An Invitation

As the conversation continues, I tamp down my fear and make myself listen with an openness I don't feel.

Strangely, the longer I subdue my fears, the more my dreams and desires start bubbling to the surface. They fill in the spaces fear, distrust, and anger have been filling for years.

I know it's only temporary, since I'm not eradicating the fear, merely shoving it under a metaphorical bed in my psyche.

All the same, it helps me feel, look, and act like a fifteen-year-old kid who wants nothing more than to live out his dream of becoming a professional footballer.

---

For twenty minutes, Coach Wilcox, Jonas Becker, and Rafe Guerra wax poetic about the glories of USSDA soccer.

Interestingly, the Latino guy, Rafe, is conspicuously quieter during the portion of the Hard Sell where Coach and Beck tell me all the reasons Seattle specifically is a strong club brimming with talent and conviction.

The only section of that discussion Rafe firmly agrees on is that I would flourish on the team.

"We need your passion, your dedication to the greatest sport on earth," he says at one point.

His dark gaze is super intense, and even when all my instincts warn me to flee, the fervor in his eyes keeps me rooted to the spot.

"You're gifted," Rafe continues, as if it's a fact. A matter of course.

A tiny part of me remembers the days I believed this, as well.

"Your natural talent ensures that with the right foundation, the kind of foundation our program can provide, you have the ability to rise to the top."

My face flushes beet red from the compliments, but his direct, no-nonsense way of speaking helps alleviate my embarrassment.

I can't remember the last time someone spoke so highly of me. Even when my old coach caught me practicing alone and decided to start me in the next game, he spoke like he'd need to verify whether my abilities were truly good enough. Whether I was worth taking a chance on.

By the time all of three of them finish their spiel, it feels like they don't have a doubt in the world.

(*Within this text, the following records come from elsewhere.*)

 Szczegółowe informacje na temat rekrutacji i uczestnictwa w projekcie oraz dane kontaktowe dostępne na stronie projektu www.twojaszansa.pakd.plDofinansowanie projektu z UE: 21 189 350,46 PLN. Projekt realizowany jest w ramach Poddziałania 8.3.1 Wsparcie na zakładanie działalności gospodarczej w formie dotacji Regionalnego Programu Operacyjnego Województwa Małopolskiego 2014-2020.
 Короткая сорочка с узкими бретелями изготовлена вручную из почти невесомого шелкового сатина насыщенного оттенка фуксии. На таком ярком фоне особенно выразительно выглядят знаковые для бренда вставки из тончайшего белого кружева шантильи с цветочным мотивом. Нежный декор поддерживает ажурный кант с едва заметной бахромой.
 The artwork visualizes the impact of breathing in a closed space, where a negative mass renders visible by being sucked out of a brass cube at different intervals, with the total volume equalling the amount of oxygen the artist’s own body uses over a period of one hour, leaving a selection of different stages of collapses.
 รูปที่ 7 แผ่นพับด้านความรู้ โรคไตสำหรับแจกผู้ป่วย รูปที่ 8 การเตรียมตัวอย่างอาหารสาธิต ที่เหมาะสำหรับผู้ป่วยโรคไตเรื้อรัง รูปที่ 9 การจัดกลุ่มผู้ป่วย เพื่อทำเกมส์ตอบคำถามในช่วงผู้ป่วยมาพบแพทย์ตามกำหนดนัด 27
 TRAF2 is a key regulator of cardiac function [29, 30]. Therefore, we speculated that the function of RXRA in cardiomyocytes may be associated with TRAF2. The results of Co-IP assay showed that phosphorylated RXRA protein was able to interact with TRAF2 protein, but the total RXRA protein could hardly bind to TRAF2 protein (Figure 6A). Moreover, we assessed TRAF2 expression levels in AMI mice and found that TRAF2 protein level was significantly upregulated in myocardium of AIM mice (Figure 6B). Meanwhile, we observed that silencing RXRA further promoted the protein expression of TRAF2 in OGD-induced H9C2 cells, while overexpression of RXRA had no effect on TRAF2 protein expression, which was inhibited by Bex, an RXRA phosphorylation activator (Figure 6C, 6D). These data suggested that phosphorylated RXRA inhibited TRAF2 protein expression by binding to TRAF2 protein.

It's flattering, and exhilarating, but something's bothering me, and though I have a feeling my System will be pissed at me later for asking, I can't help it.

"Why me?" I ask. "What did you see that makes you believe all that?"

With this question, I shatter any illusion that I'm a confident player who understands his own worth, but I need to know. I need to understand what led these people to waste their time on me.

It's been so long since I was seen as worthwhile, I can't understand why anyone would think I was. And since I can't understand, I can't trust it. I can't trust them.

But I want to. Desperately.

Instead of answering, Coach Wilcox asks me a question in return. "Are you familiar with the expression: 'The vision of a champion is someone who is bent over, drenched in sweat, at the point of exhaustion, when nobody else is watching'?"

I smile.

Coach Anson Dorrance said that about Mia Hamm, one of the best soccer players of all time. Considering Mia was one of Mom's best friends, yes, I'd say I'm familiar.

Pretty sure Mia quoted it to me the first time when I was six.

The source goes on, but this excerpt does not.